In the sixteenth century adventuring Spanish explorers discovered what they believed to be the site of King Solomon's mines and home to legendary riches. Now these islands are attracting the attention of a new breed of adventurers with tourists, loggers and mining companies intent on utilising the rich treasures of this distant part of the Pacific.

In Money Makes You Crazy: Custom and Change in the Solomon Islands (published by University of Otago Press), Ross McDonald explores the impacts these new forces are having on the people of the Solomon Islands.

Between, and within, the islands of the Solomons are distinct cultures with unique tribal languages, customs and beliefs. Told from the perspectives of five communities, Money Makes You Crazy is a journey into the changing world facing indigenous peoples not only in the Western Pacific, but everywhere modern money makes its impact.

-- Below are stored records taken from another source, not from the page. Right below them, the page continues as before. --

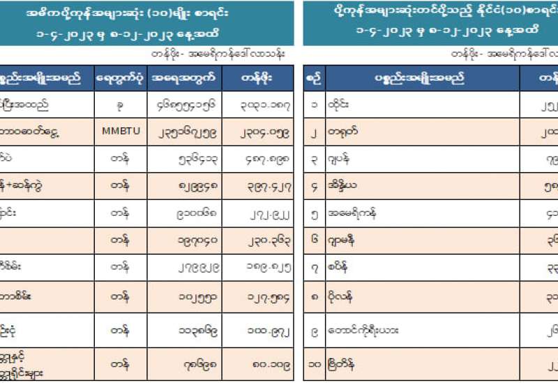 ၂၀၂၃ ခုနှစ်၊ ဒီဇင်ဘာလ၏ ပထမရက်သတ္တပတ်အတွင်း မြန်မာနိုင်ငံ၏ ပြည်ပပို့ကုန်တင်ပို့မှုတန်ဖိုးမှာ အမေရိကန် ဒေါ်လာ ၂၂၁ သန်းရှိပါသည်။ သီးနှံရာသီပြက္ခဒိန်၏ ရလဒ်များပေါ်ထွန်းရာသီဖြစ်သည်နှင့်အညီ လယ်ယာထွက်ကုန်များစွာ လှိုင်လှိုင်တင်ပို့လာနိုင်တော့မည့်ကာလ ဖြစ်ပါသည်။ ယခုရက်သတ္တပတ်အတွင်း ဆန်၊ ဆန်ကွဲ၊ မတ်ပဲ၊ ပဲတီစိမ်း၊ ပဲလွန်းဖြူ၊ မြေထောက်ပဲ၊ မြေပဲဆံ၊ နှမ်း၊ ပြောင်း၊ ရော်ဘာ၊ သစ်သီးဝလံ၊ ဝဥ၊ ဂျင်းခြောက်၊ သီဟိုဠ်၊ ငရုတ်၊ ကွမ်းသီး၊ မန်ကျည်းသီးများ တင်ပို့နိုင်ခဲ့ပါသည်။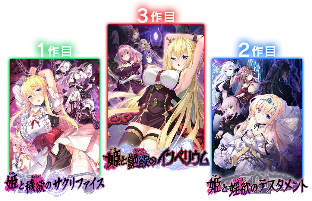 そして本作の発売と合わせて、過去の姫様調教モノである『姫と穢欲のサクリファイス』『姫と婬欲のテスタメント』も含めた『姫様調教トリプルパック』も発売される。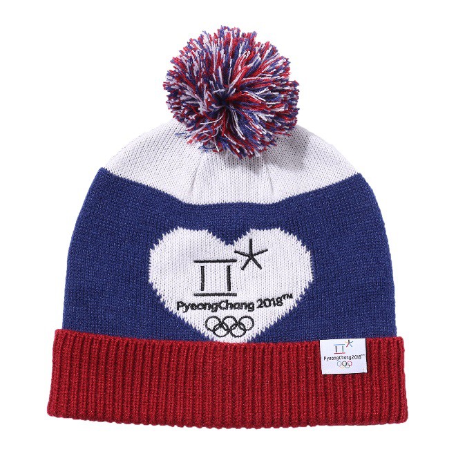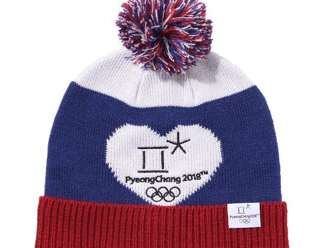 Шапка «Пхенчхан-2018», выполненная в цветах российского флага — синем, белом и красном. Ее стоимость составляет 18 000 вон (около 950 рублей).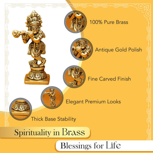 100% Pure Brass Lord Krishna Idol with Flute | 12.8 cm | Golden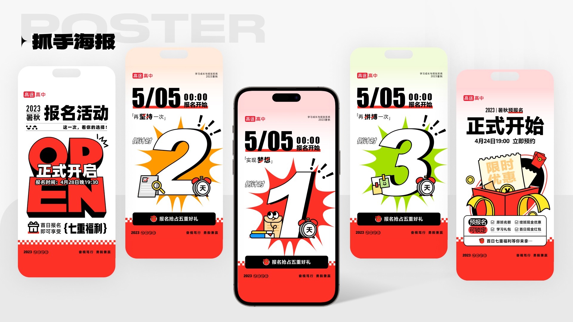 经过多轮尝试、打磨和细化,最终完成高途高中学习场景下的视觉方案,通过在APP、官网、课件讲义及周边文创等的应用,组合曝光,不断覆盖和传递年轻化、有自我映射和共情的心流设计,增加辨识度占领用户心智。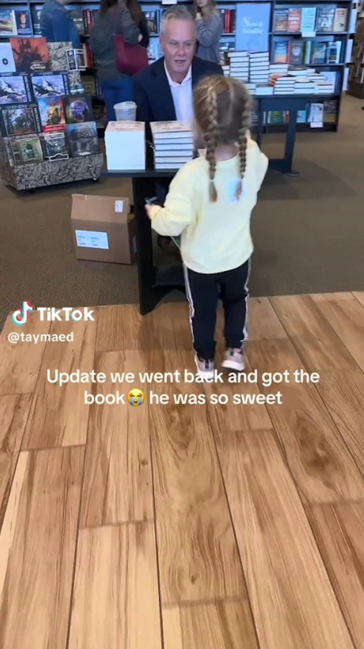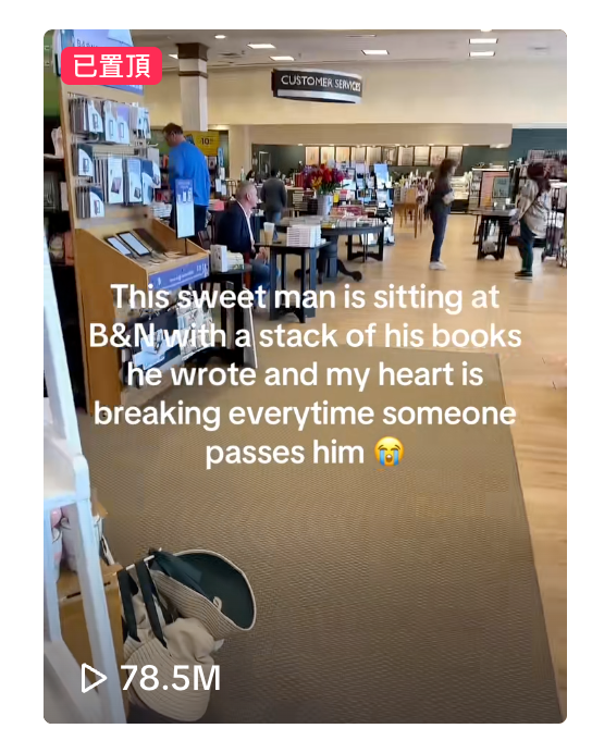 Taylor Mae表示「這位可愛的男士正坐在Barnes & Noble書店,面前擺著一疊他親手寫的書,每次有人經過他身邊時,我的心都要碎了」。除了分享影片,Mae更當場買下Stanley的書,並讓自己的女兒向他索取簽名,為他打氣。讓Stanley非常感動!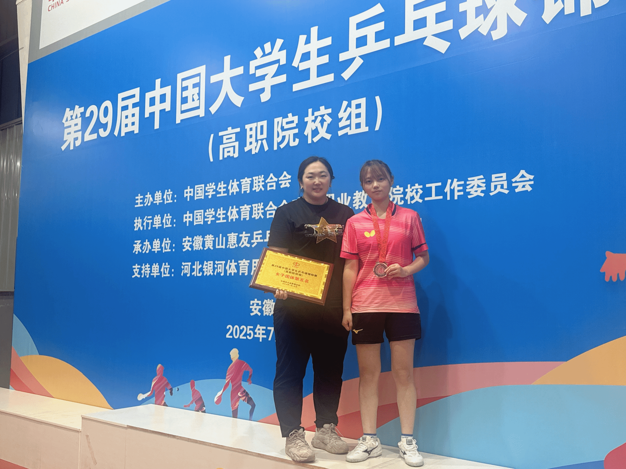 团体赛经过多轮激烈角逐,由我校计算机学院易欣、高语萱、水利水电学院周晶晶同学组成的女子代表队,在全国近20所高职院校的强劲对手中脱颖而出,最终斩获女子团体第五名的佳绩。其中,计算机学院易欣同学在女子单打项目中表现尤为出色,勇夺第三名的好成绩。这一成绩不仅彰显了我校体育教育的显著成效,更充分展现了学子们卓越的运动风采与竞技水平,为学校赢得了崇高荣誉,谱写了体育育人工作的新篇章。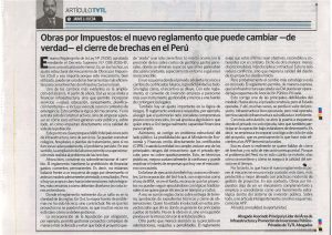 El nuevo Reglamento de la Ley Nº 29230, aprobado mediante el Decreto Supremo N.º 038-2026-EF, no es una actualización menor. Es, en los hechos, un ajuste estructural del mecanismo de Obras por Impuestos (OxI) y eso importa porque este mecanismo, bien utilizado, puede ser una de las herramientas más eficientes para cerrar brechas de infraestructura en el país.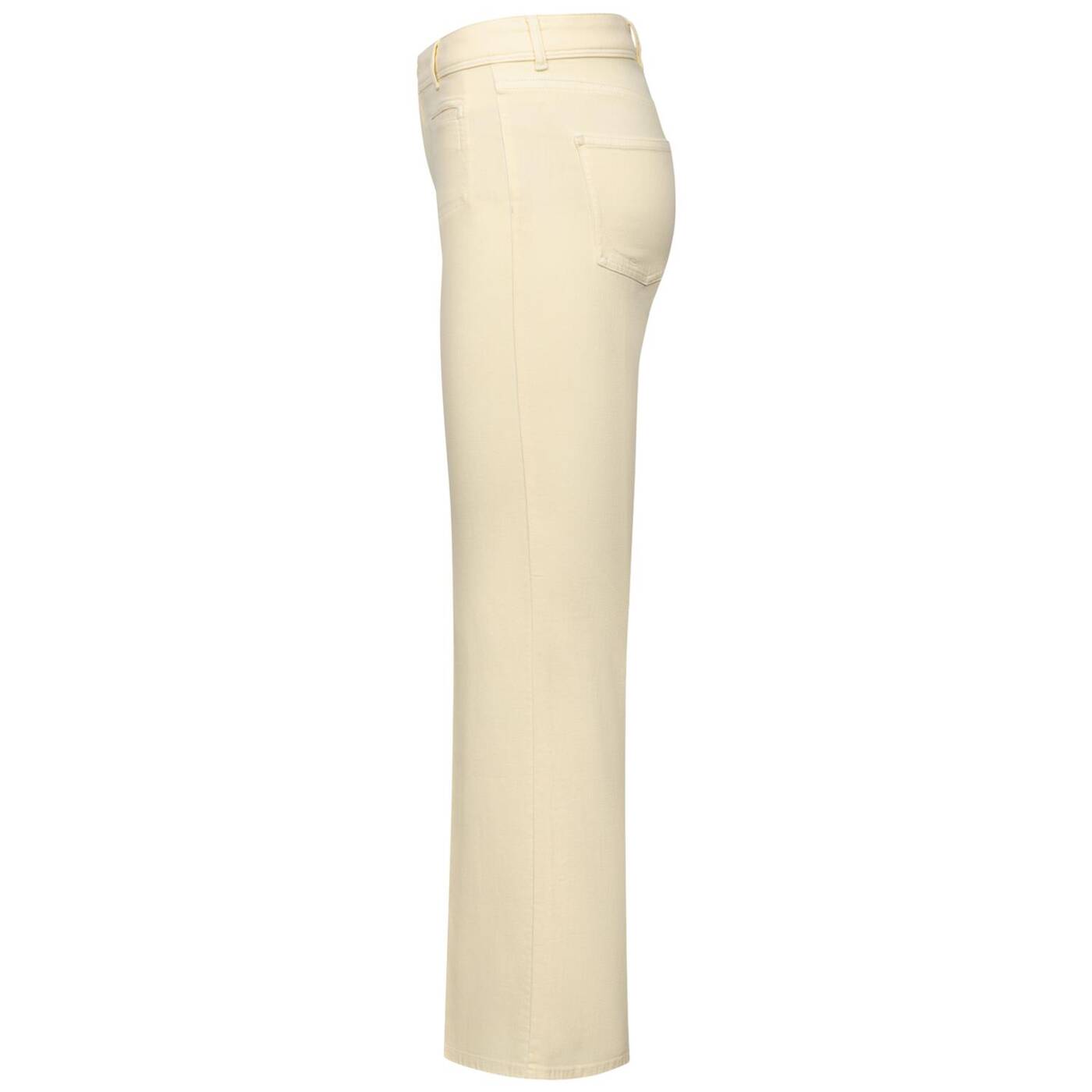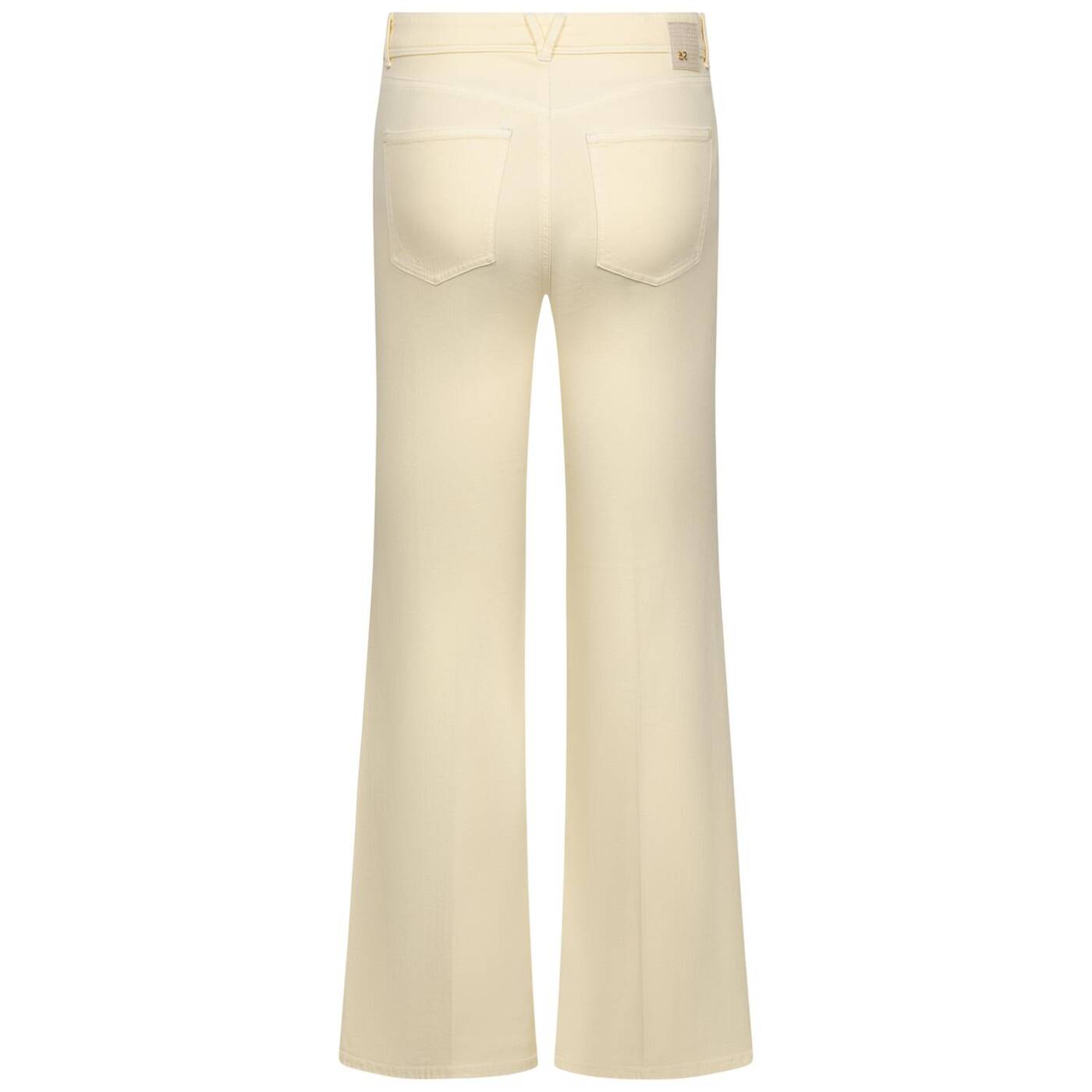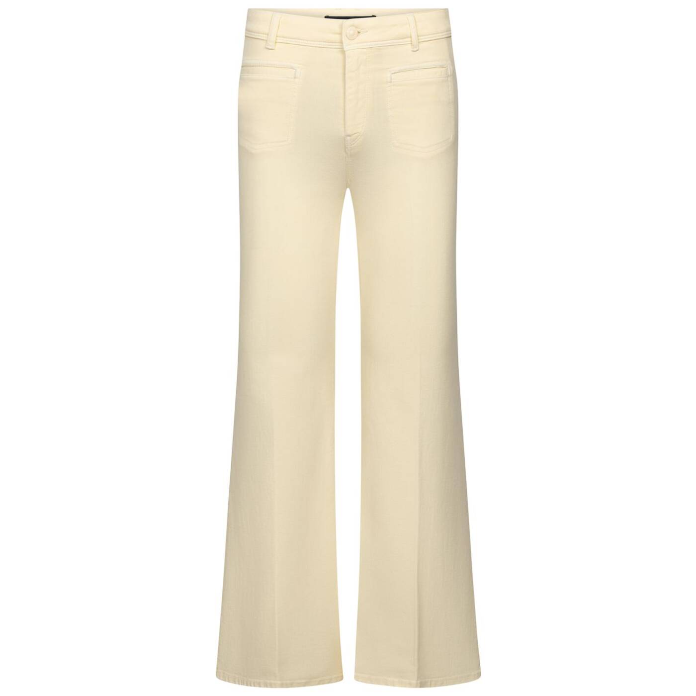 5-Pocket Style Mittlere Leibhöhe Ausgestelltes Bein Vorne Paspeltaschen mit Zierstepp Hinten aufgesetzte Taschen Artikel: White Denim Sommerlich leicht Dank Lyocell Anteil Besonders weich und fließend Leibhöhe: 25 cm Fußweite: 56 cm Schrittlänge: 83 cm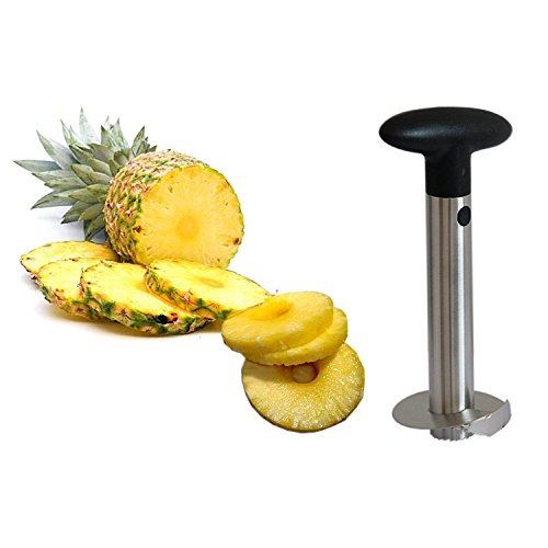 SAVE TIME: Peels, cores, and slices an entire pineapple in seconds. The handle of pineapple cutter is very durable and stylish and designed to make it incredibly easy to clean with dishwasher.
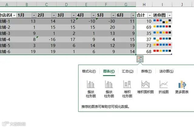 或者选中区域按住快捷键CTRL+Q快速分析得到更多的可视化图表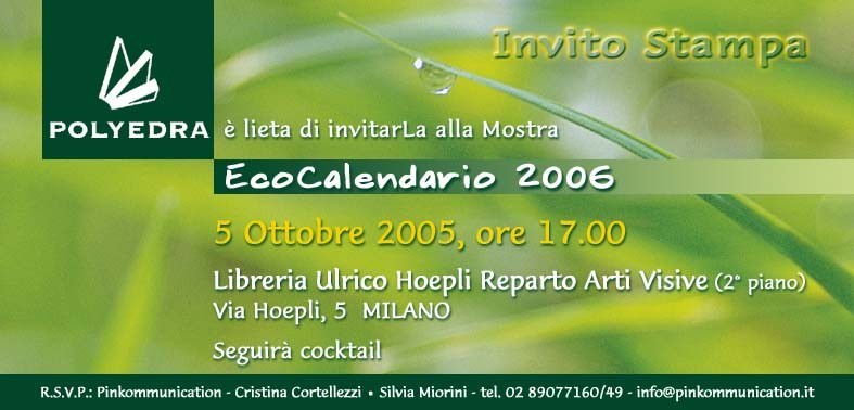 Per tutta la prima settimana di ottobre sarà possibile ammirare in anteprima, ed eventualmente acquistare, l’EcoCalendario 2006 firmato Polyedra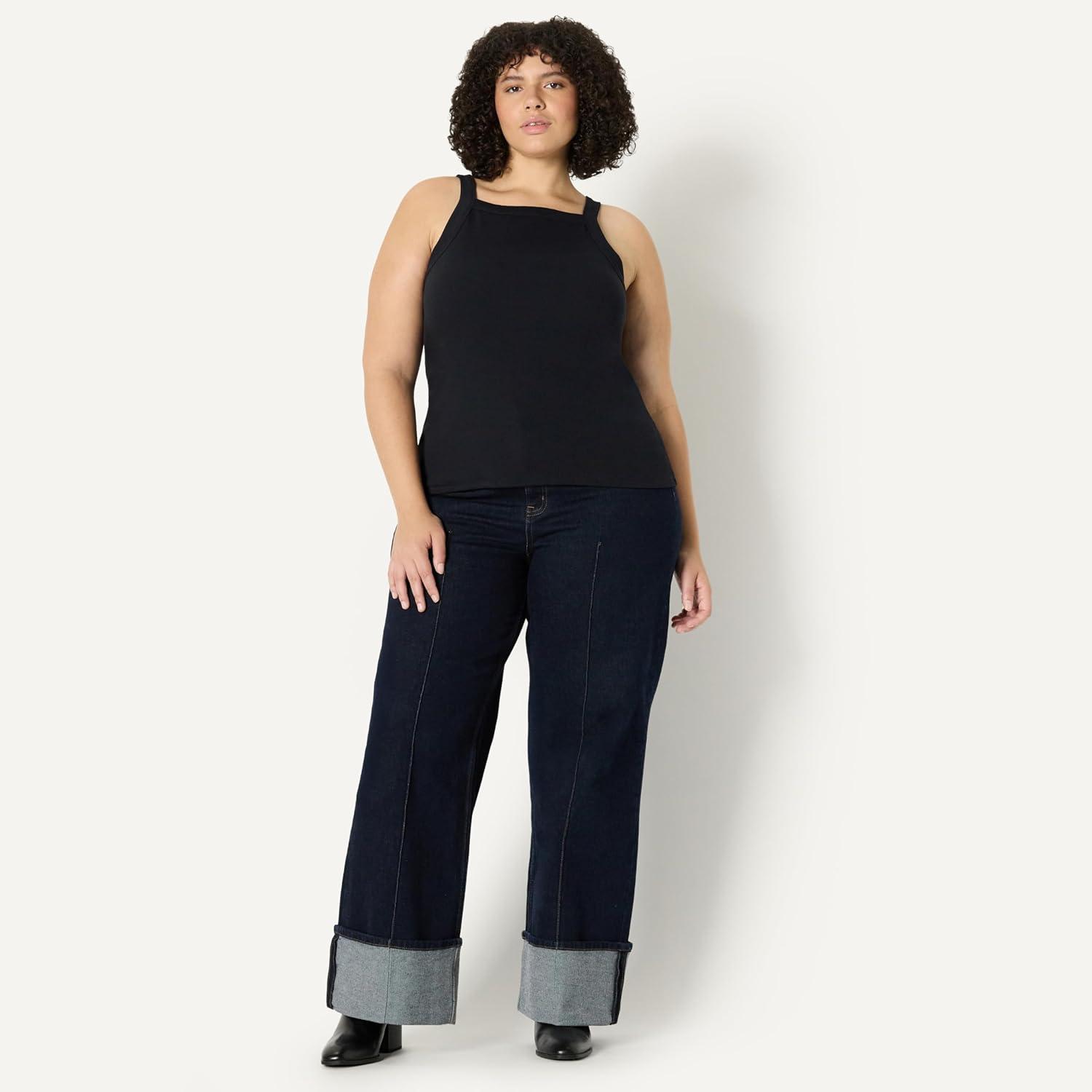 Amazon Essentials Women’s Slim-Fit Stretch Rib High-Neck Tank(Black)

Chiefs and elders have often failed to recognise the irreversible effects of selling resources. Forests are harvested in an unsustainable way, and the sale of land is full and final. Around the islands, fish stocks are becoming depleted and shops sell tinned versions of tuna caught by consortia off their shores. Customary ways and values are threatened. To earn money, youth often need to leave their traditional village life for the city. Among those affected by the selling of resources are people disillusioned by decisions that seem to benefit the elders and chiefs, but provide little or nothing for everyone else.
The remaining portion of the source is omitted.